Even in the face of fear and mystery, I will still trust the Lord

I was really close to my brother Gary. We were good friends in high school, roomed together in college, even were best man for each other’s weddings. We coached together and could argue with one another on the sidelines, and it’d be OK. Our dad died when we were young, and we went through that ordeal together. We worked with Fellowship of Christian Athletes and with our churches.  

We were very aware of Gary’s calling to missions throughout all those years. I was excited for him. We had taken mission trips together as college kids. He’d organize it and we’d go to Mexico with groups. He worked for 10 years to get everything in line with the International Mission Board. They’re very meticulous about who they put on the field because they want those people to stay.

Gary and his family had not been in Mexico as full-time missionaries for long at all when there was a terrible accident. In 1999, Gary was swimming in the ocean near Tapachula when a strong undercurrent carried him, his 10-year-old daughter Carla, and two summer missionaries out into deep water. They all drowned. 

"I’m learning to be careful with human plans and to plan with the mysterious plan of God in mind."

Well, I guess it’s the normal human response when somebody is taken away—especially when that somebody is taken before, what we call on Earth, “their time”—to think we would have more time with them. Having it happen so quickly after they got on the field—why would God do that? I wouldn’t have planned it that way—a career-minded missionary who’s spent 10 years trying to get there. But God knows. He sees before and after, so you just have to trust Him, even though you fear what can happen. I call it “fearfully awesome.” God’s plans are fearfully awesome, because He could just take anybody [at any time].

Gary’s death created some fear in me in the next five or six years after that, maybe even now. There are pictures in my mind of tragedies that could happen to me and my wife, my kids, that God could do anything. And if He does, then He’s still the Lord and you just have to keep on. 

So when my daughter planned to be married to my now son-in-law, I already knew he had a heart for missions. They grew into their relationship, got married, had kids, and they worked in the Houston area. I said, “Well, one of these days, [them getting called to the mission field is] probably going to happen.” And sure enough, it did. And all those feelings of fear resurfaced.

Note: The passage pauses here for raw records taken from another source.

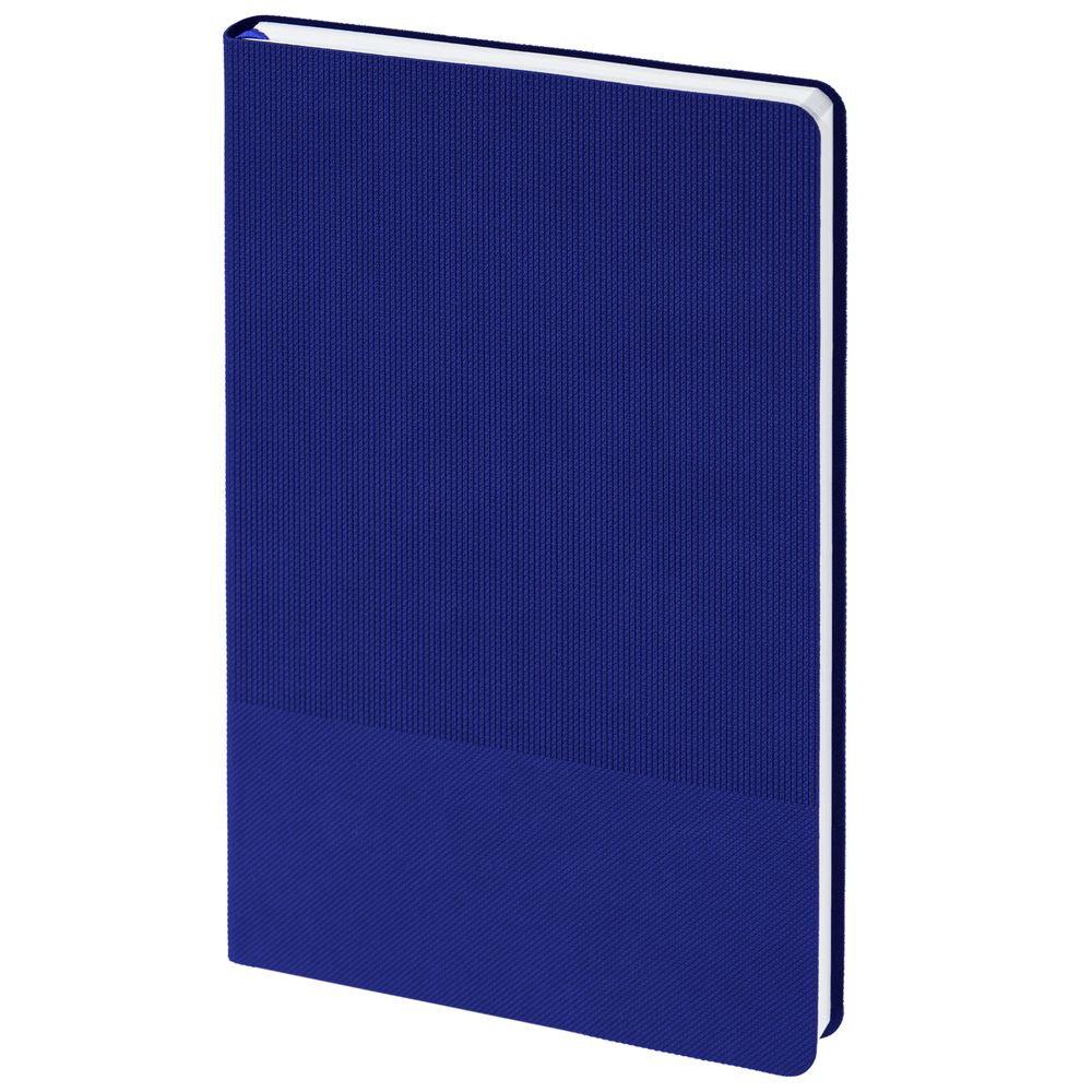 Ежедневник с гибкой обложкой, выполнен из материала Canyon, синий НН, дополнен ляссе в цвет обложки. Блинтовое тиснение на обложке создает эффект вязаного полотна.
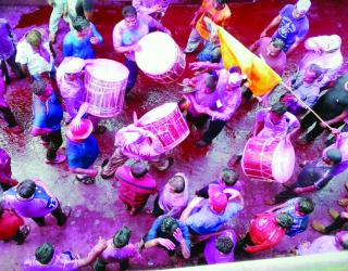 रत्नागिरी : लाल रंगाची उधळण करत संगमेश्वरवासिय रंगात न्हाले!
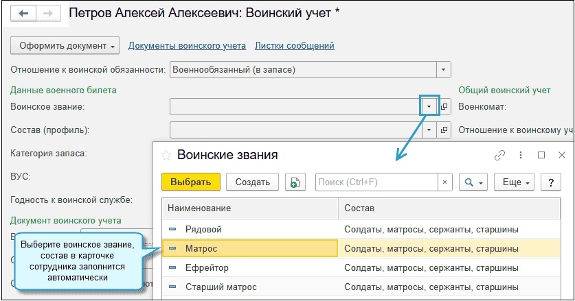 Также добавлено автозаполнение состава при выборе воинского звания в карточке сотрудника по воинскому учету
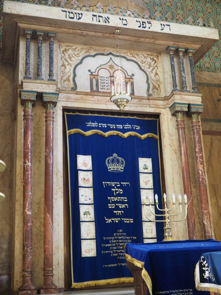 The next morning, 500 metres from our hotel, we stumble across the Central Synagogue of Sofia, the biggest Sephardic synagogue in Europe. We pass the two machine-gun toting policemen outside, go through a metal detector before we pay our 10 Leva each (about £4). The round building has geometric patterned arched apses and the heaviest chandelier in Bulgaria.
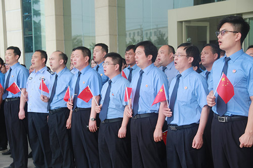 “沒有共產(chǎn)黨就沒有新中國,沒有共產(chǎn)黨就沒有新中國,共產(chǎn)黨,辛勞為民族,共產(chǎn)黨他一心救中國……”音樂響起那一刻,西華縣檢察院全體干警莊嚴(yán)站立,他們內(nèi)心澎湃,他們?yōu)樽约菏侵腥A兒女的一員而自豪。
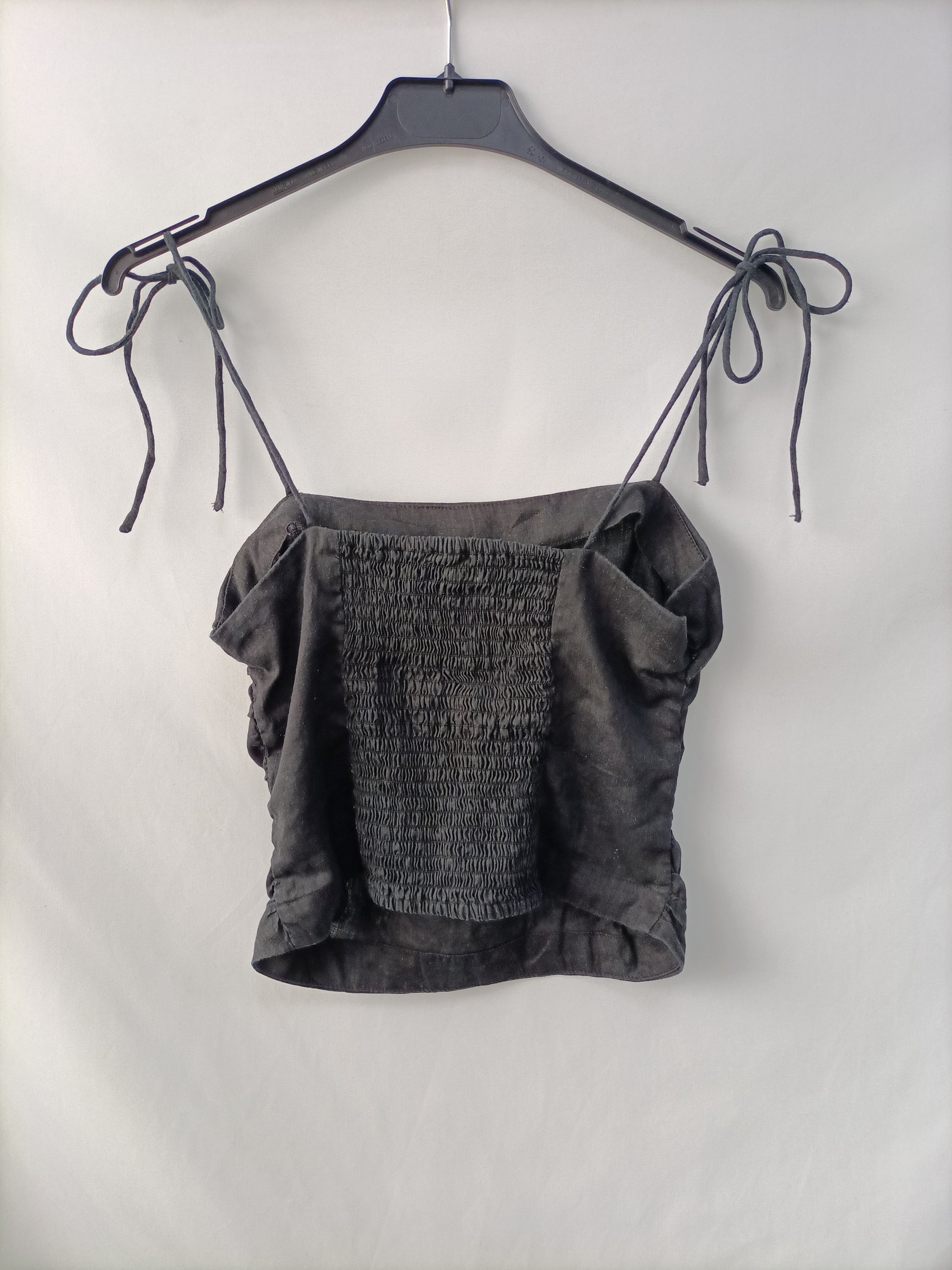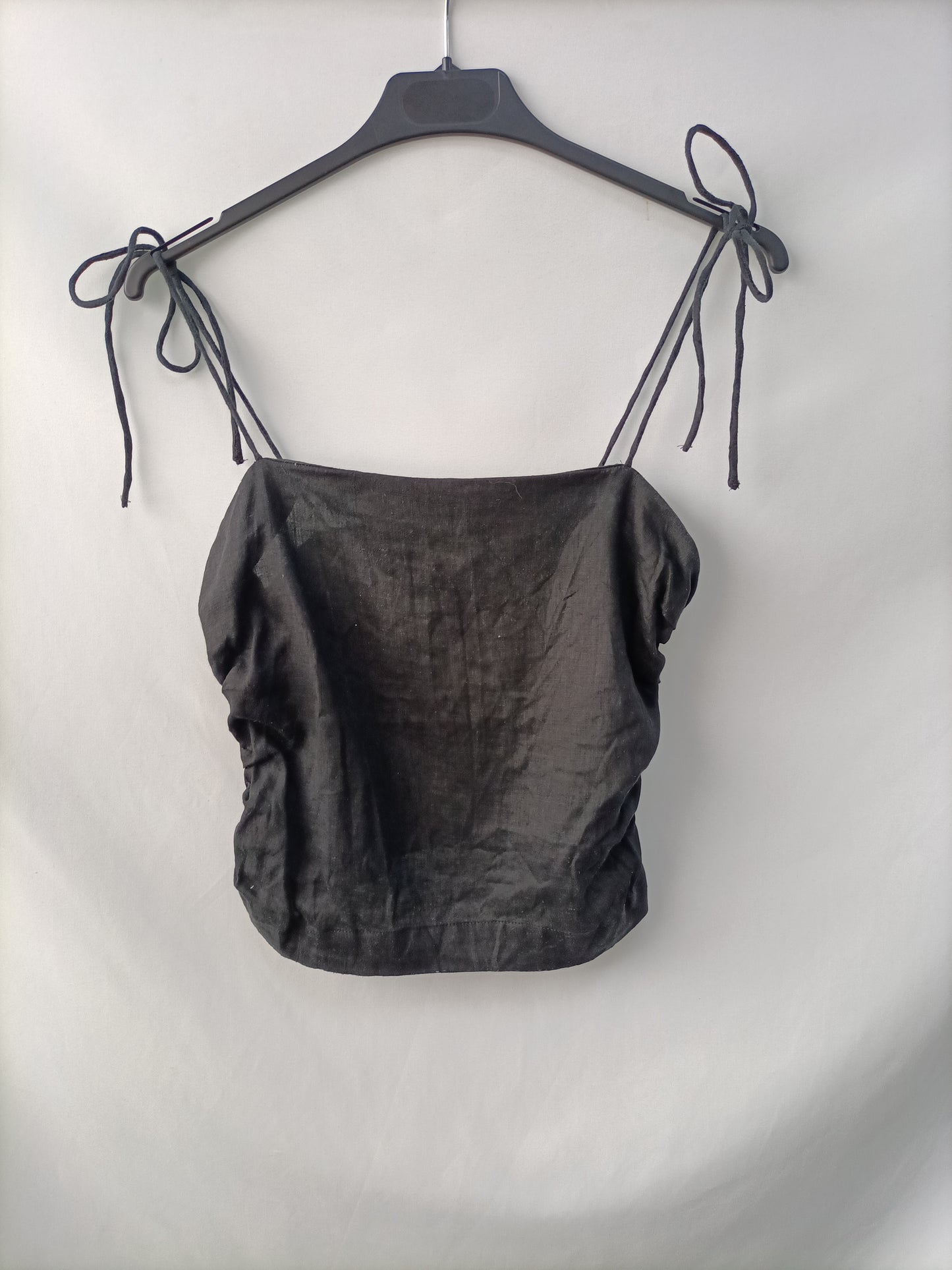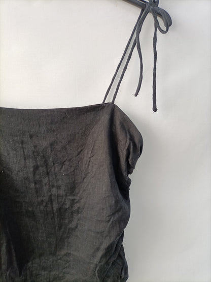 Top negro de lino con los tirantes ajustables y espalda elástica. Fruncido por lo laterales. largo 29 cm.
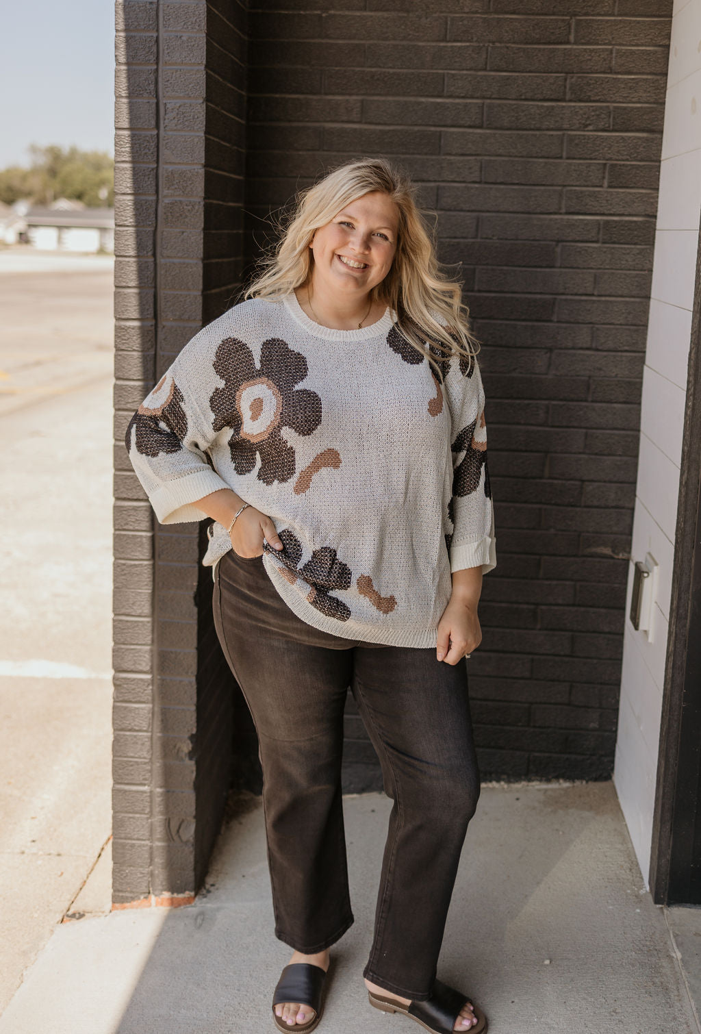 Made from 100% acrylic, this sweater features an abstract floral design in elegant neutral tones. The 3/4 sleeves add a touch of sophistication, making this sweater a must-have for any fashion-forward wardrobe. Elevate your style with this luxurious piece.
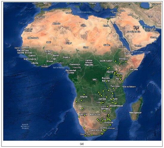 The ecological niches of M. natalensis (A. Smith, 1833) [] and N. schlieffeni (Peters, 1859) [] were determined by examining the existing literature and mapping occurrence data obtained from the Global Biodiversity Information Facility (GBIF), available at https://www.gbif.org/ (accessed on 14 and 24 May 2023) [,]. A total of 1238 occurrence records were available for M. natalensis; however, only 888 were georeferenced records, of which 4 records were excluded due to invalid coordinates. A total of 507 occurrence records were available for N. schlieffeni; however, only 277 were georeferenced records, of which 4 records were excluded due to invalid coordinates. The mapping of M. natalensis and N. schlieffeni distribution was performed using QGIS V3.28.2 [] with the Google hybrid layer, available at http://mt0.google.com/vt/lyrs=y&hl=en&x={x}&y={y}&z={z} (accessed on 24 March 2023). The distribution of the Miniopterus schreibersii (Natterer, 1819; Schreibers’ long-fingered), Pipistrellus abramus (Temminck, 1838; Japanese pipistrelle), and N. p. velutinus (Allen, 1923; Chinese noctule) bats were mapped to determine if any overlap in the distribution of the host species of the most closely related lyssaviruses to MBLV and PBLV exist, as described for M. natalensis and N. schlieffeni [,,]. Of the 22134, 3402, and 95 occurrence records available for M. schreibersii, P. abramus, and N. p. velutinus, only 21,781, 1589, and 28 were georeferenced records, respectively. All records with invalid coordinates were excluded.
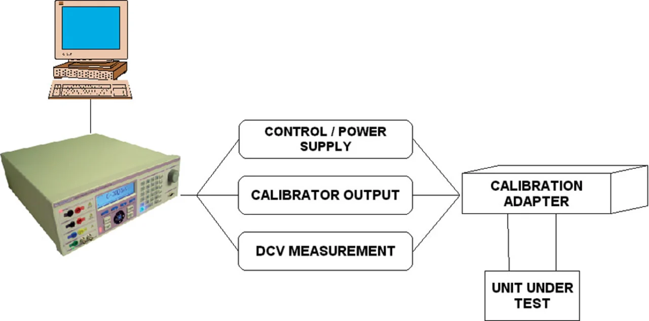 Eine Lösung besteht darin, dem Universalkalibrator, etwa einem Gerät der Serie »3000« des Herstellers Transmille (Vertrieb: CompuMess), Mess- und Steuerungsfunktionen hinzuzufügen. Die Gerätekosten erhöhen sich dadurch nur geringfügig, der Arbeitsdurchsatz hingegen umso mehr. Bei Kalibratoren für Anwendungen in der Prozesskontrolle sind Messfunktionen natürlich schon seit langem nicht mehr wegzudenken. Welche Vorteile jedoch Messungen mit einem Universalkalibrator bieten, ist weniger bekannt, da ja in fast jedem Kalibrierlabor ein DMM (digitales Multimeter) vorhanden ist. Tatsächlich werden die Vorteile, Gleichspannungsmessungen mit einem Universalkalibrator durchzuführen, erst in Verbindung mit einem externen Adapter für spezielle Funktionen voll ersichtlich (Bild 1). Dieser externe Adapter kann ein relativ einfaches Gerät sein, da er über keine genauen und teuren Referenzquellen, Prozessoren, Anzeigen und Computerschnittstellen verfügen muss.
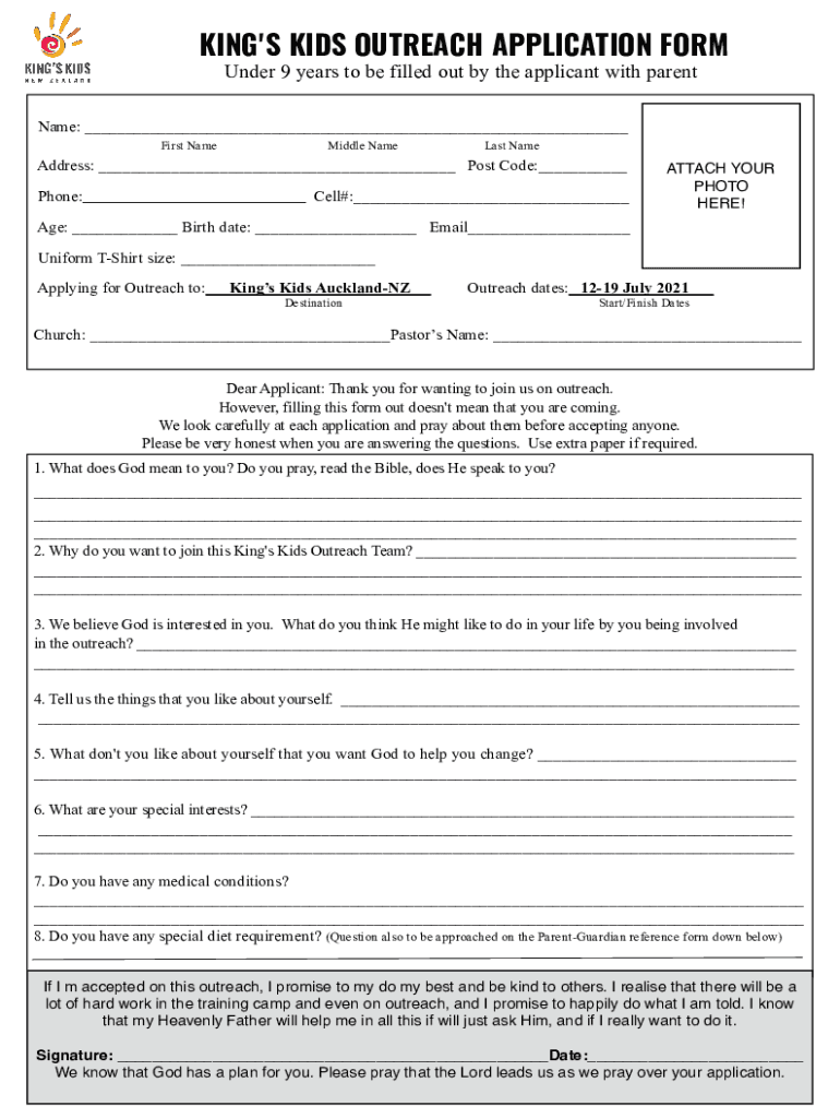 Under 9 years to be filled out by the applicant with parentage: First NameMiddle Nameless Headdress: Post Code: Phone:ATTACH YOU PHOTO HERE! Cell#: Age: Birth date: Email Uniform Shirt size: Applying

FBC Groesbeck’s South Asia missions team is pictured. Sloan can be seen second from right with Pastor Keith Collier (third from right) and Glyn Sloan (middle).

Just recently, I don’t know, a year-and-a-half ago, a retired coach that I’d worked with started putting together mission teams and he ended up in Tapachula, where Gary was. He sent me a picture with an older Mexican guy and asked, “Do you know this guy?” I didn’t, but he was one of Gary’s first converts and is now a pastor, and he’s still doing it 23 years later.

The day before the drowning, Gary had met with a few pastors and set out his vision for the whole Chiapas area. That vision is continuing today. There’s an institute for training, a seminary, and a group that was still meeting last I heard as of 2012 or 2013. Was Gary the guy that it’s all centered around, or did his passing cause that group to become stronger on their own? I don’t know. There we go again—the mysterious plan of God’s will.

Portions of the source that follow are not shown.